Politically speaking, the years since the Trump administration have been, perhaps more than anything, a wake-up call for people in the tech industry to the disturbing reality that America needs to rebuild from the ground up if it is to survive — and that neither political party has been able to produce elected officials capable of carrying this out.

This is a kind of dilemma. Long before the emergence of Silicon Valley, American businessmen tended to view politics as a kind of administrative task that was auxiliary to the actual job of leading a business. But at the same time, the weakening and bureaucratization of the military makes it hard to find a way to channel executive talent into government outside of business. The classic political theory of dictatorship is that decadent regimes must rely on men of iron, not on the rich, in the endgame. No matter how well-intentioned or skilled any of us are in this complex situation, we are all in fairly unchartered territory.
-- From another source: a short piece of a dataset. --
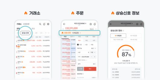 상승신호 서비스는 빗썸 원화마켓에서 제공되며, 상승신호가 감지된 종목은 거래소 화면 내 가상자산 리스트에서 불꽃 아이콘이 가상자산명 옆에 표기된다. 상승신호 테마를 선택하면, 해당 신호가 포착된 종목만 따로 확인도 가능하며, 알림 설정을 통해 실시간 알림 수신도 가능하다.

This is a big reason why we get into trouble if we don't focus on finding the spiritual dimension. For a better analogy than the pagan Rome of the late game, we should look to the misty Middle Ages of the early game. The pious Duke of Aquitaine founded many monasteries, none more famous than the Abbey of Cluny, founded on September 11, 1,114 years ago. This monastery was a pillar of an order that focused on liturgy and constant prayer in a fractured world after the fall of the Roman Empire. Even more understandable and thought-provoking is another monk, St. Benedict. St. Benedict's monastic life owes a little-known figure who can give us all a lesson about the character of the founder of a new frontier, a hermit monk named St. Romanus. It was St. Romanus who gave the wandering Benedict his monastic habit and a home, where he lived for years and eventually went into founder mode.